Мэри Террор задержалась на секунду, натягивая на лицо улыбку. У нее был свежевымытый розовощекий вид, на губах блестящая бесцветная помада. Сердце колотилось, живот сводило узлами, но она сделала несколько глубоких вдохов, думая о ребенке, которого отвезет Лорду Джеку. Ребенок здесь, на втором этаже, ждет ее в одной из трех палат с голубыми бантиками на дверях. Собравшись, Мэри поднялась по лестнице к двери. Там кто-то оставил бельевую корзину на тележке. Мэри подвела тележку к двери, позвонила и стала ждать.
Никто не ответил. «Ну же, давай!» — подумала Мэри и позвонила снова. Черт, а если звонка никто не услышит? А если откроет охранник? Если кто-то с ходу расколет маскировку и захлопнет дверь? Да нет, форма какая надо, цвета верные, туфли правильные. Откройте же, черт вас побери!
Дверь открылась.
Выглянула негритянка — из работниц прачечной.
— Я дверь за собой захлопнула, дура такая! — сказала Мэри с застывшей и замерзшей улыбкой. — Можете себе представить? Дверь закрылась, а я тут осталась торчать.
Она повезла корзину вперед, в дверь. Секунду-другую ей казалось, что женщина не собирается отойти, и она беспечно сказала:
— Извините, мне пройти надо!
— Ах да, мэм, конечно. — Прачка улыбнулась и отступила, придерживая дверь открытой. — Вроде там дождь собирается.
— Да, это определенно.
Мэри Террор сделала еще три широких шага, толкая корзину перед собой. Дверь у нее за спиной щелкнула. Она вошла внутрь.
— Да, это вы ничего себе заблудились! — сказала прачка. — Как вы там вообще оказались?
— Я новенькая. Всего несколько дней как работаю. — Мэри уходила от прачки, катя корзину по длинному коридору. Из прачечной слышался шепот пара и стук работающих стиральных машин. — Кажется, я не так хорошо знаю дорогу, как сама думала.

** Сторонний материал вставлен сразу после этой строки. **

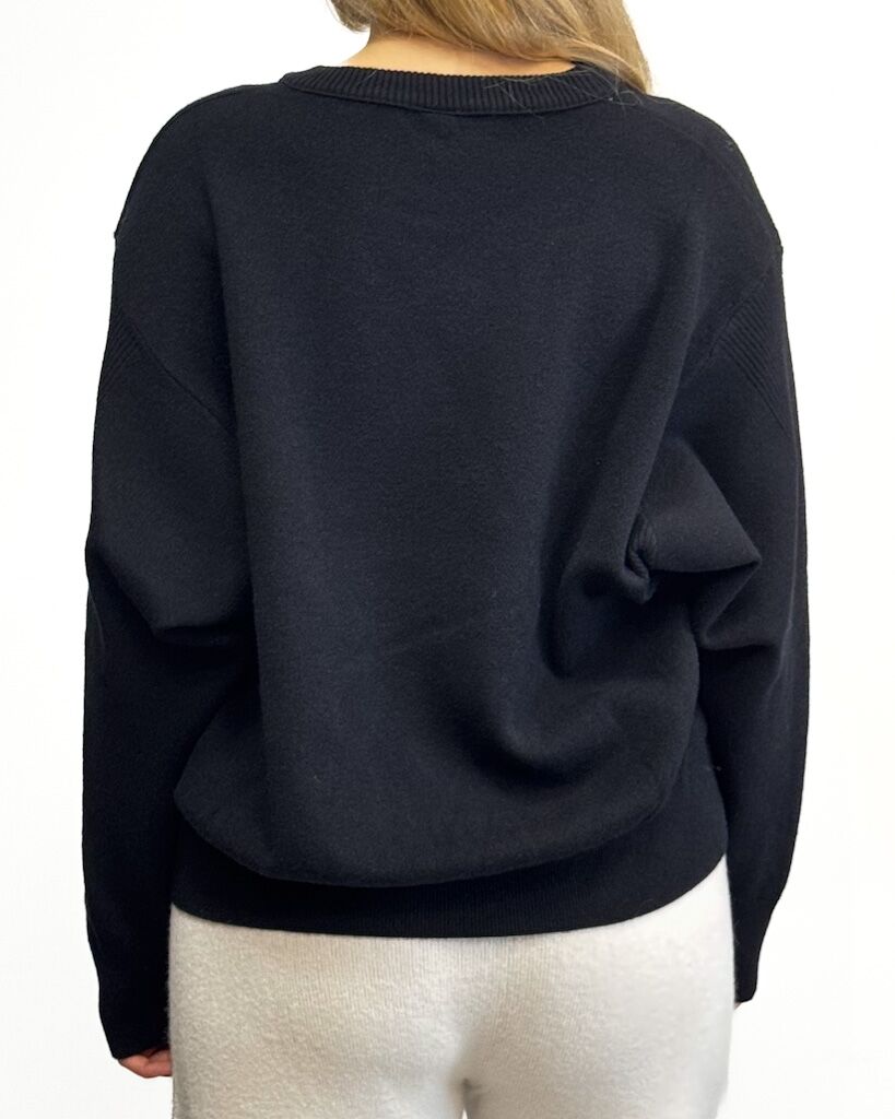 Czarny sweter z kamieniami przy dekolcie oraz luźnym kroju od marki Tensione. Stylowy, elegancki i wygodny – idealny na co dzień i na okazje.

— Я вас понимаю! Тут впору хоть карту с собой таскать.
— Ну, счастливо оставаться, — сказала Мэри, поставила свою корзину в один ряд с другими и пошла внутрь здания скорым деловым шагом. Прачка сказала ей вслед «Пока», но Мэри не ответила. Все ее внимание было обращено на путь к лестнице; она быстрым шагом шла по коридору, слыша посвист пара в трубах над головой.
Она повернула за угол и оказалась шагах в двадцати за спиной у бабы-легавой с «уоки-токи», идущей в ту же сторону. У Мэри екнуло сердце, она шагнула назад, чтобы ее не могли увидеть, и на пару минут застыла, давая легавой время смыться. Она выглянула снова — коридор был чист. Мэри опять двинулась к лестнице. Глаза ее рыскали во все стороны, проверяя двери по обеим сторонам коридора, все чувства ее обострились, но кровь оставалась холодной. Время от времени доносились голоса, но больше никто не появлялся. Наконец она дошла до лестницы, толкнула дверь и пошла наверх.

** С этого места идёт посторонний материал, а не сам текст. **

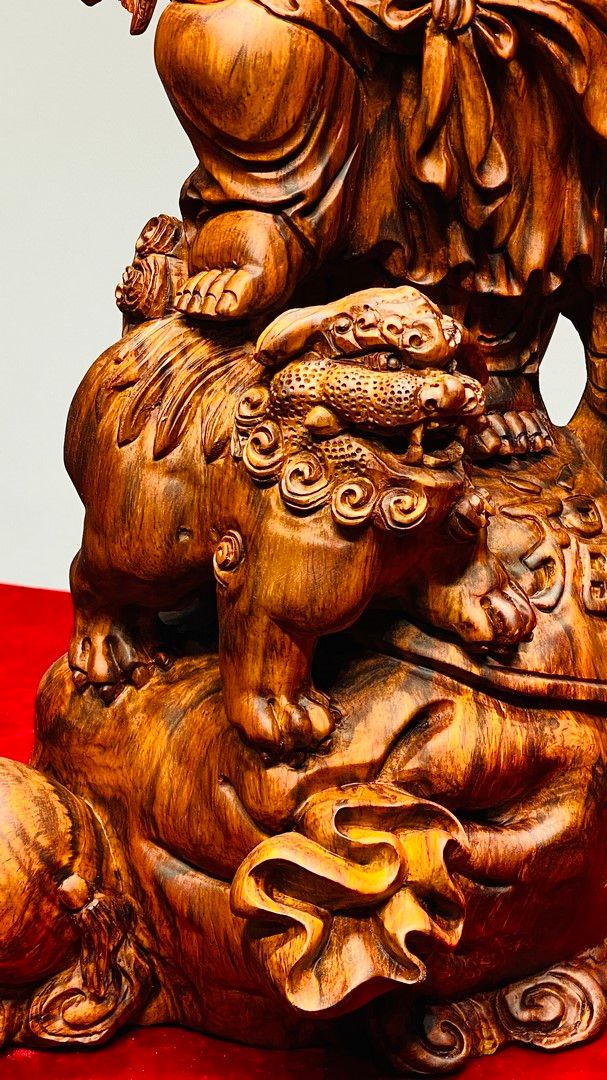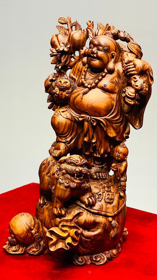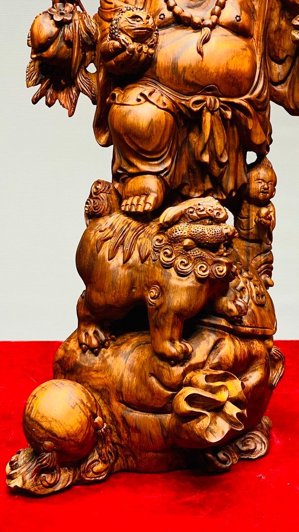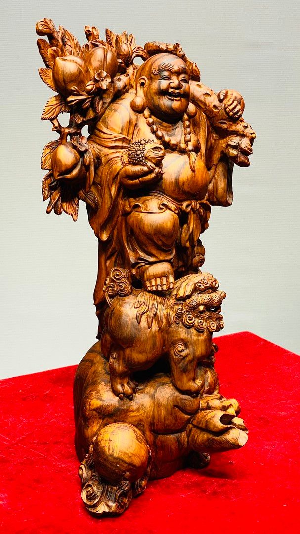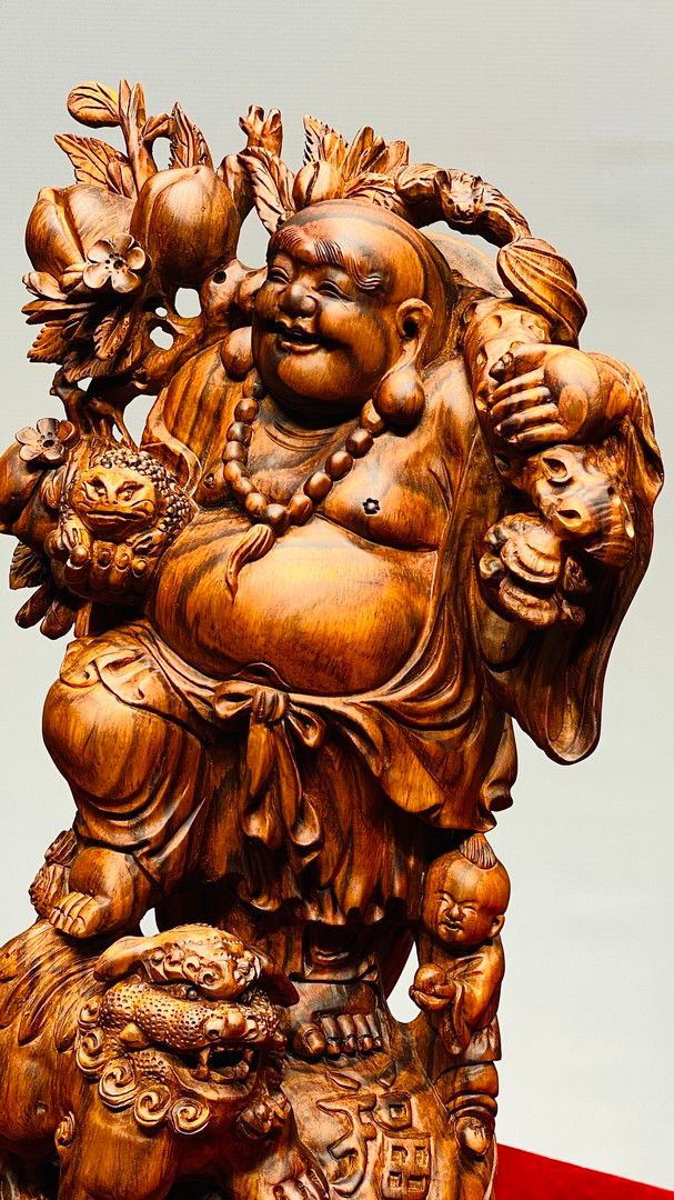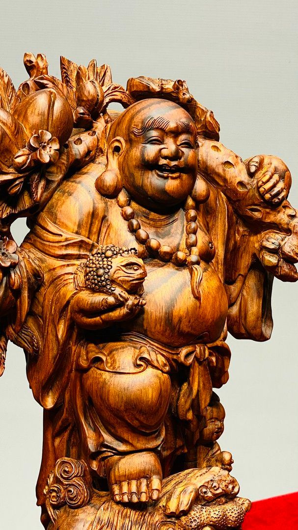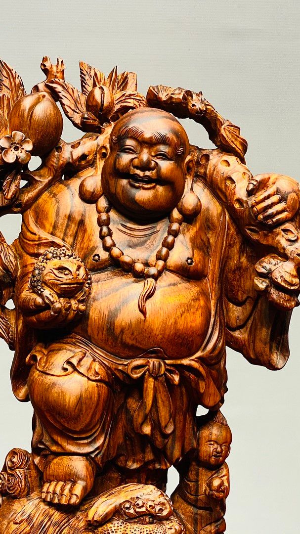 Di Lạc Vác Cành Đào Nhất Tiểu Đứng Bao Tiền Gỗ Sưa

Проходя мимо первого этажа, она напоролась на очередное осложнение: вниз спускались две сестры. Она снова натянула налицо улыбку, две сестры улыбнулись в ответ и кивнули, и Мэри спокойно прошла мимо, только ладони взмокли. Появилась дверь с большой цифрой «Два». Мэри вошла в нее, скользнув взглядом по черной изоленте, придерживающей язычок замка, чтобы тревога не сработала. Она была в родильном отделении, и кроме нее, никого не было в коридоре от лестницы и до поворота к сестринскому посту.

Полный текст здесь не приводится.